Le respect de la vie est l’un des principes essentiels qui nous ont fait sortir de la barbarie. Il y a toujours des cas où l’atteinte à la vie de l’autre peut être justifiée par la guerre juste, par la légitime défense.

Mais quand une civilisation tente de faire bouger les frontières de ces interdictions fondatrices, elle risque de se perdre en méconnaissant les repères du bien et du mal ou en prétendant que c’est à l’État d’en décider, alors qu’il ne peut que leur donner force.

La loi doit veiller à ce que chacun respecte la vie des autres mais elle ne saurait s’ingérer dans la conscience et l’intimité des personnes au moment où elles donnent la vie, pas plus d’ailleurs qu’à celui où se pèse le sort de leur vie à son aboutissement.
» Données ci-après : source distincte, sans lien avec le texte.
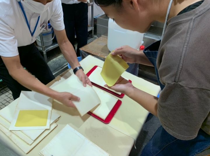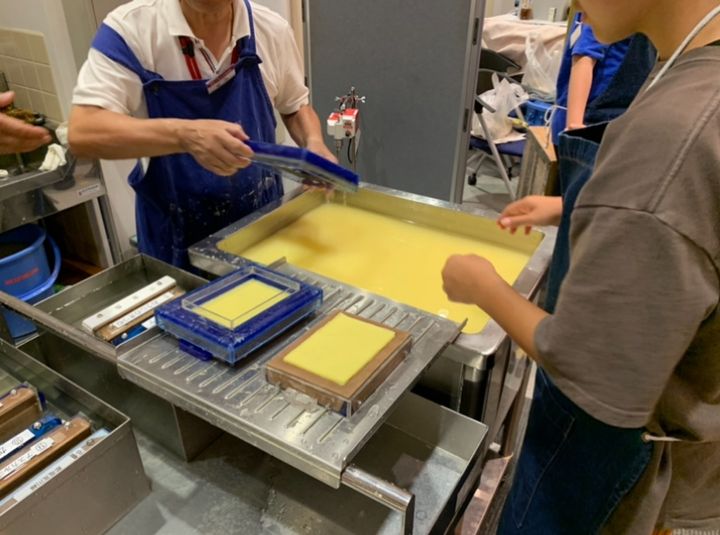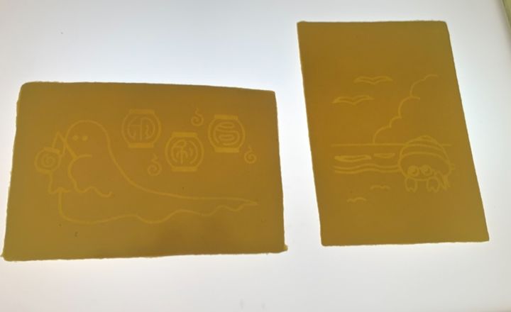 別の場所での紙漉き体験などで、ハガキ作りは何度か経験していますが、透かしの絵柄を入れられたのは今回が初めて(^-^)
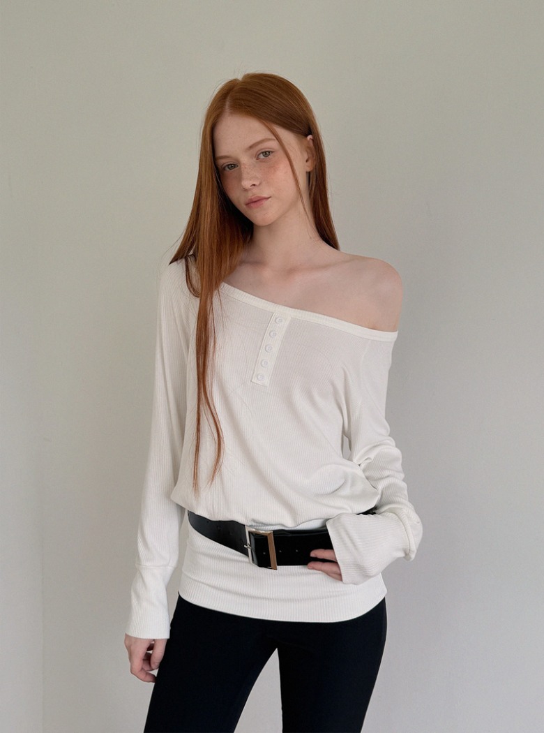[온라인단독]베인 언발 숄더 빅벨트 티셔츠

Les régimes totalitaires ont d’ailleurs toujours pensé que les catégories du bien et du mal relevaient de mythes coupables. Ils distinguent les méchants (bourgeois, riches, juifs, étrangers…), qu’il faut éliminer, des bons (prolétaires, aryens, citoyens de souche…), qu’il faut ériger en demi-dieux.

Ils croient à un prochain éden qui ne saurait connaître le mal. Sûrs de faire le bien, ils le méprisent. Qui veut construire des cités parfaites génère toujours la terreur. La démocratie libérale, pour sa part, n’ignore pas l’imperfection humaine et accepte les bornes qu’il faut ériger pour contenir ses turpitudes.